### DIRECTIONS FOR THIS TASK
Return, without pictures, the lines from the start of the data through the one that contains "Libre Ofis 6.1’de".

### RECORDED DATA
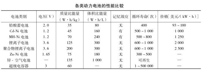 各類動(dòng)力電池的性能比較見(jiàn)下表:
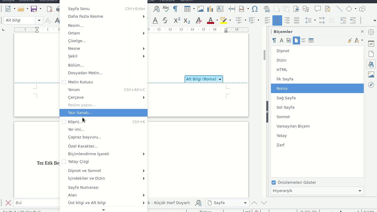 Libre Ofis 6.1’de bir teze sayfa numarası verme işim oldu. Bir süre araştırdıktan sonra aşağıda anlattığım yolla başardım. Sizinle de paylaşmak istedim.
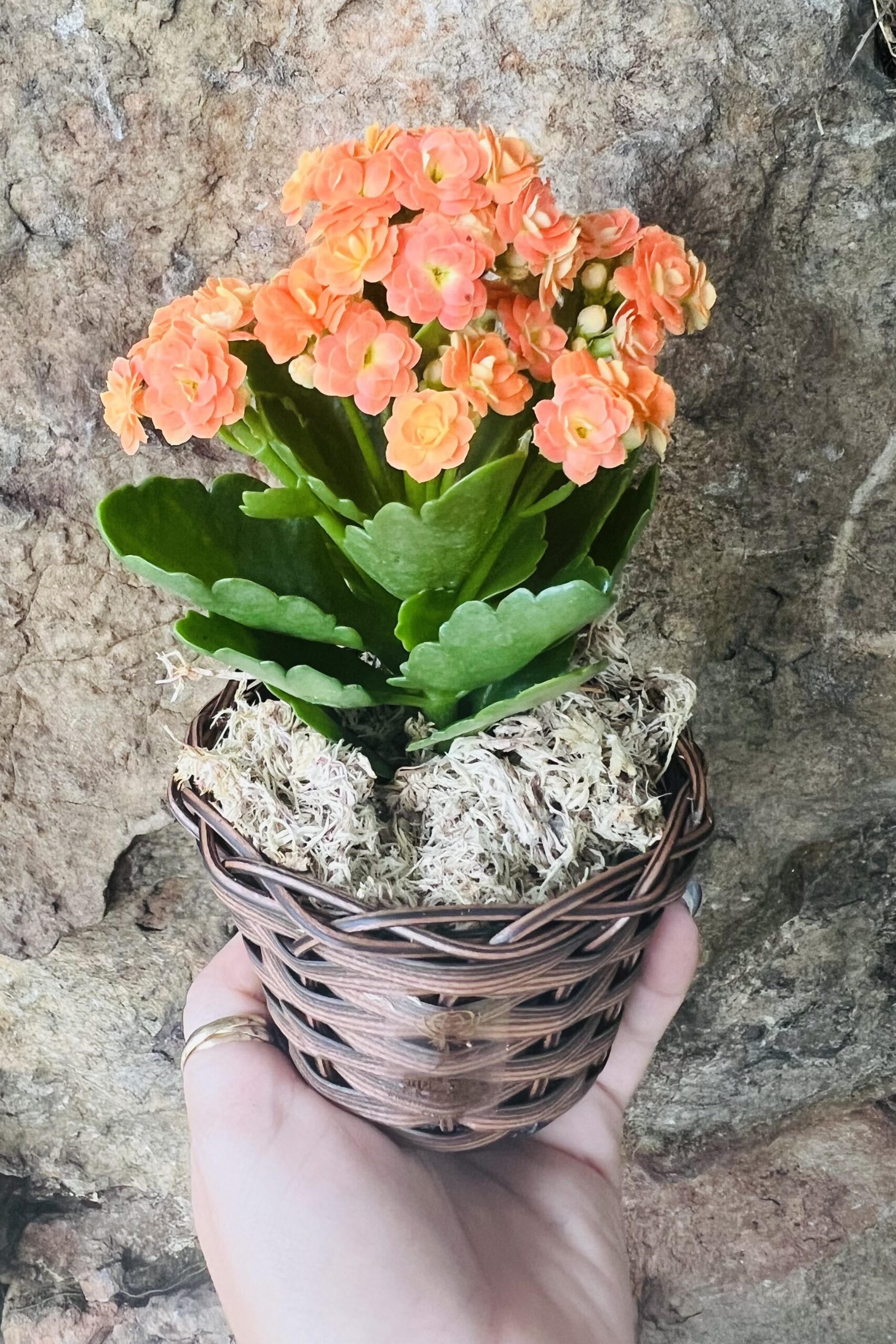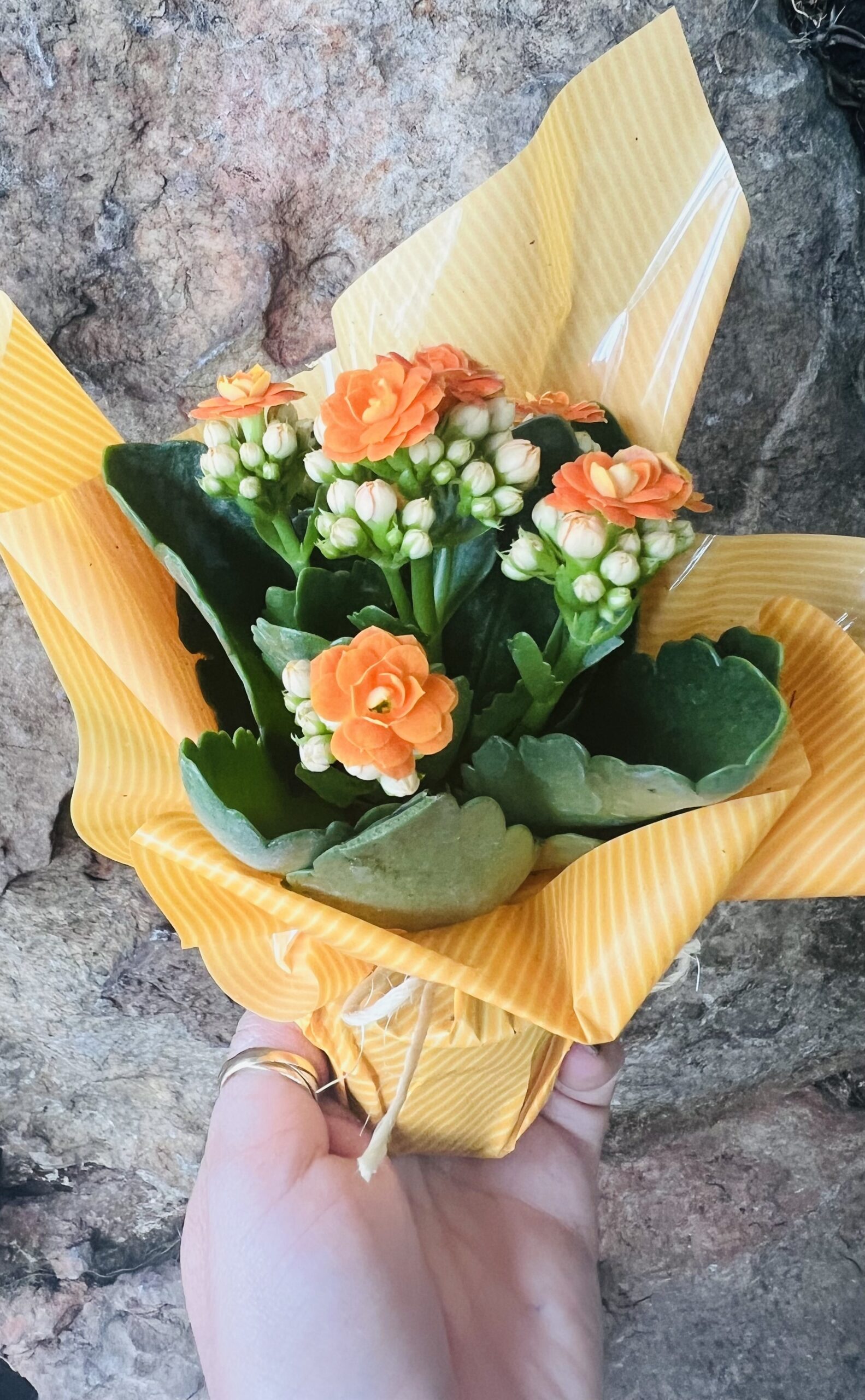 Delicado vaso plantado de mini Calandiva no pote 06 embalado com papel especial e laço

### OUTPUT BELOW
 各類動(dòng)力電池的性能比較見(jiàn)下表:
 Libre Ofis 6.1’de bir teze sayfa numarası verme işim oldu. Bir süre araştırdıktan sonra aşağıda anlattığım yolla başardım. Sizinle de paylaşmak istedim.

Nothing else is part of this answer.